-- WHAT YOU ARE ASKED TO DO --
Your task is to retype, word for word, the lines from the start of the data through the line holding "Эта кровать, выполненная". Do not include the pictures.

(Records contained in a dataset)
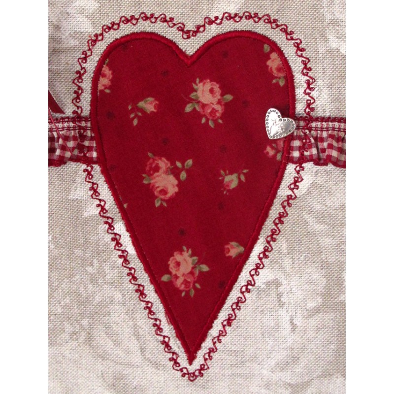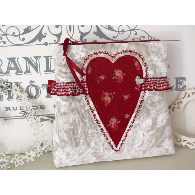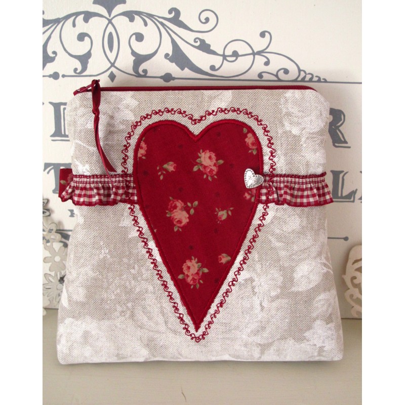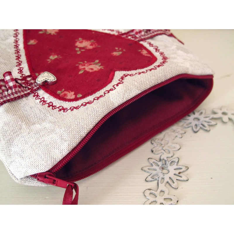 Eine Kosmetiktasche in rot beige mit Herzchenapplikation Rüschenband und Metallknöpfchen in Herzform. Für allerlei Kleinigkeiten. Natürlich auch Kosmetika.
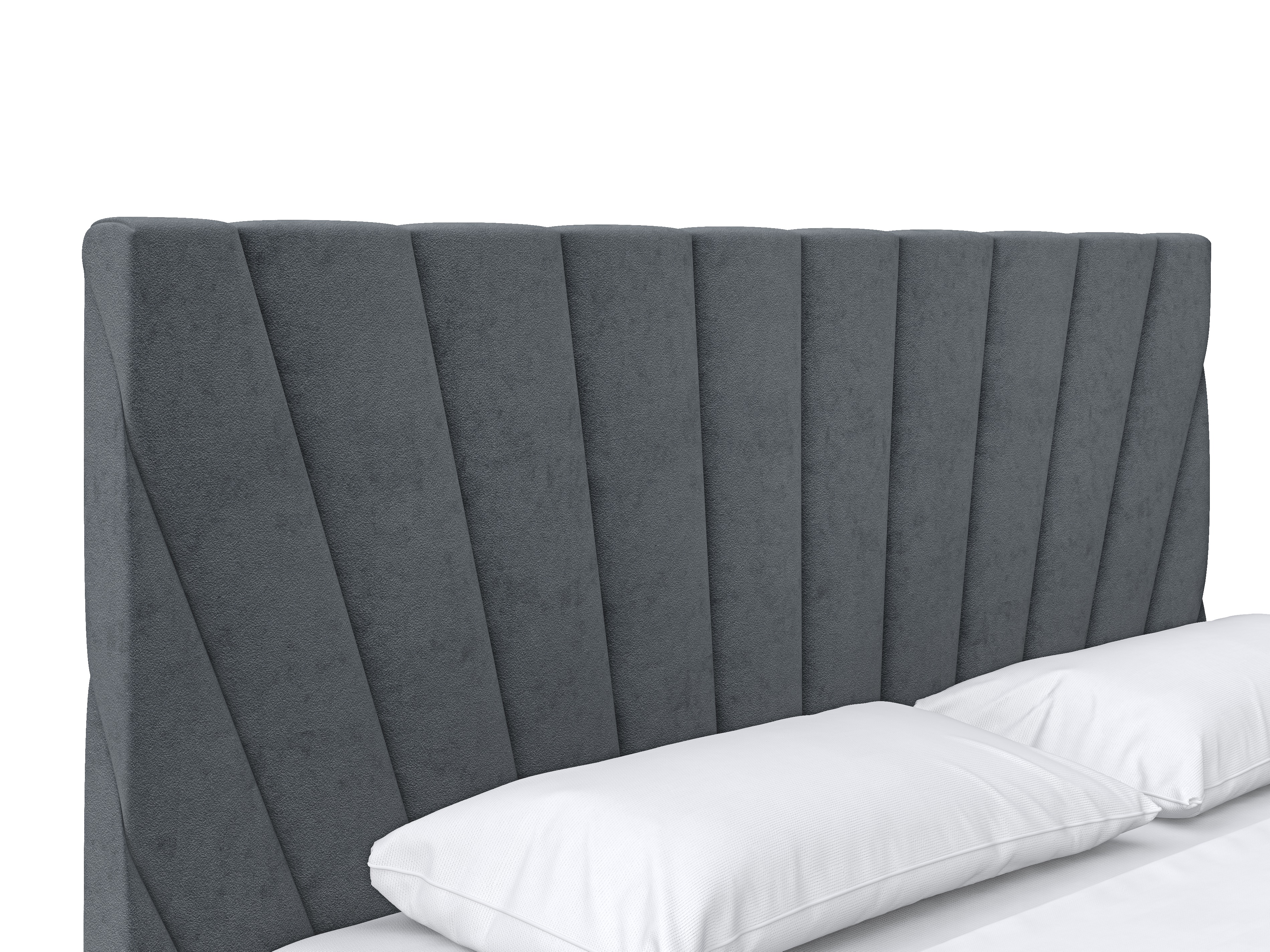 Эта кровать, выполненная из роскошного велюра с элегантной декоративной строчкой, выступающей лаконичным акцентом изголовья, представлена в трех изысканных цветах:
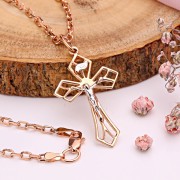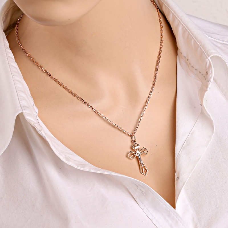 Pendente cruz com corrente em ouro 585. A cruz ornamentada é feita em ouro vermelho 585 e tem corpo em ouro branco 585. No verso há a marca da finura, que confirma a autenticidade do ouro.
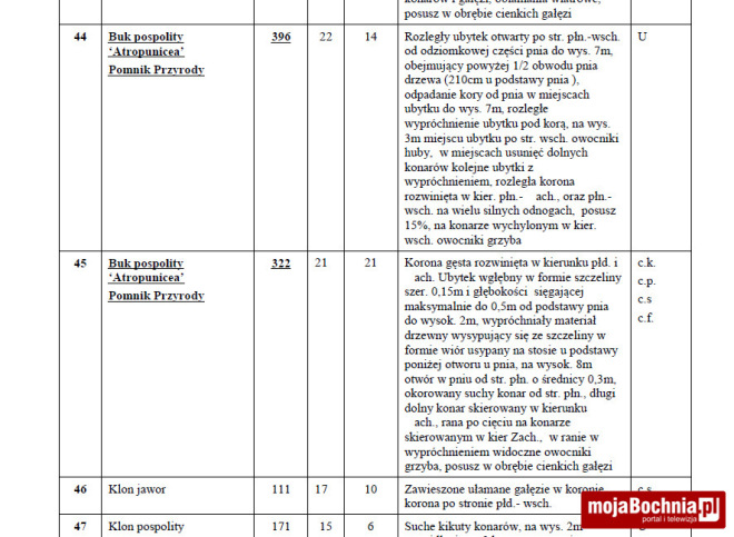 3. Pozycja 44 to Pomnik Przyrody przewidziany do wycinki [29 strona inwentaryzacji]
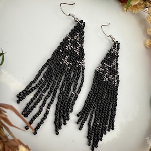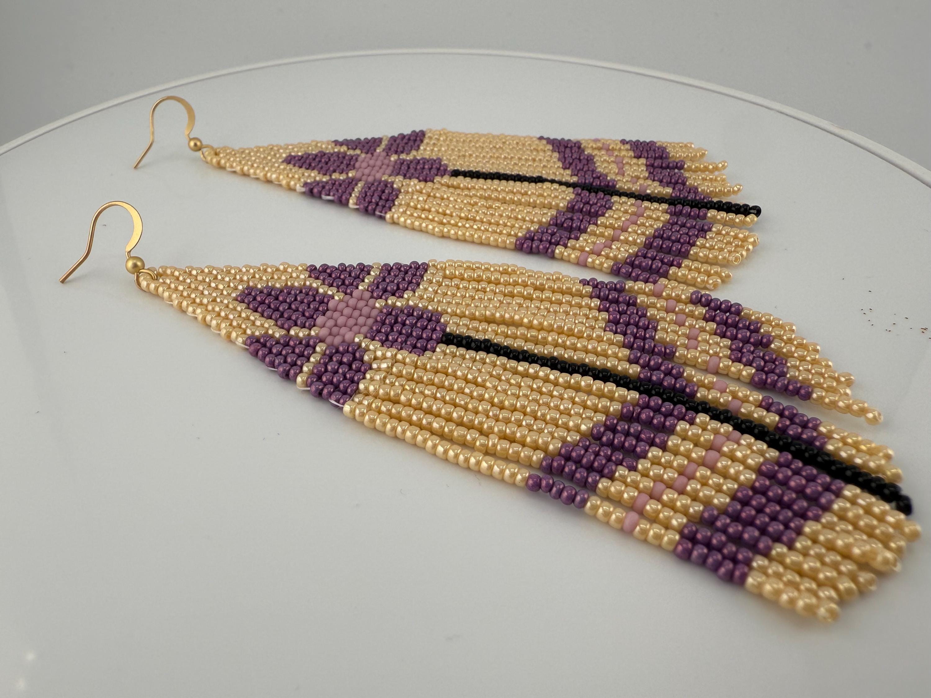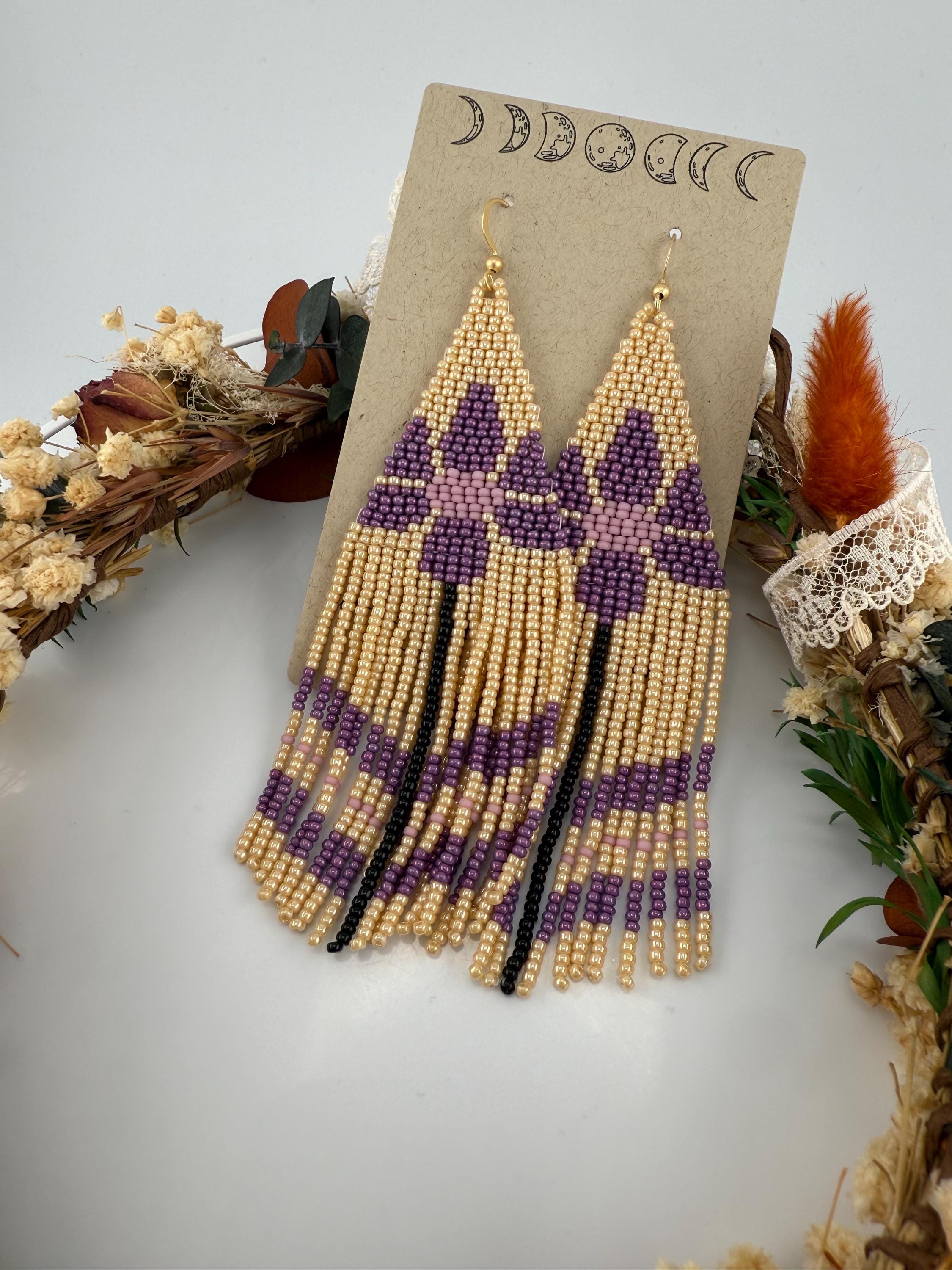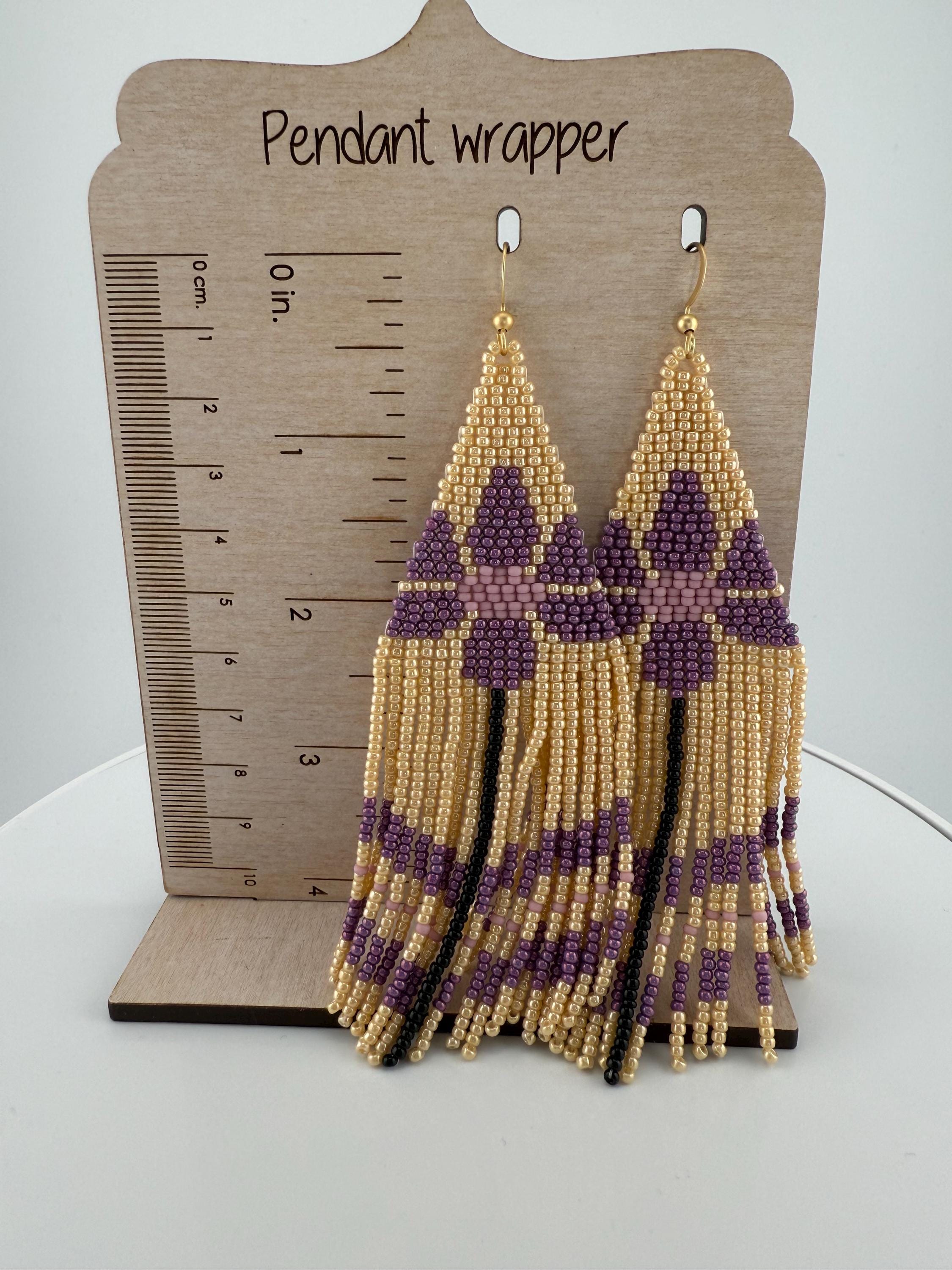 These are a pair of hand-made beaded fringe earrings. They are a delightful flower pattern that is both chic and beautiful , with an added color flare with purple! They are handmade by me, and come in around 4.5 hours time to complete. These beautiful little crafted gems hang around 5-5.5 inches in length.

-- EXERCISE RESPONSE --
 Eine Kosmetiktasche in rot beige mit Herzchenapplikation Rüschenband und Metallknöpfchen in Herzform. Für allerlei Kleinigkeiten. Natürlich auch Kosmetika.
 Эта кровать, выполненная из роскошного велюра с элегантной декоративной строчкой, выступающей лаконичным акцентом изголовья, представлена в трех изысканных цветах:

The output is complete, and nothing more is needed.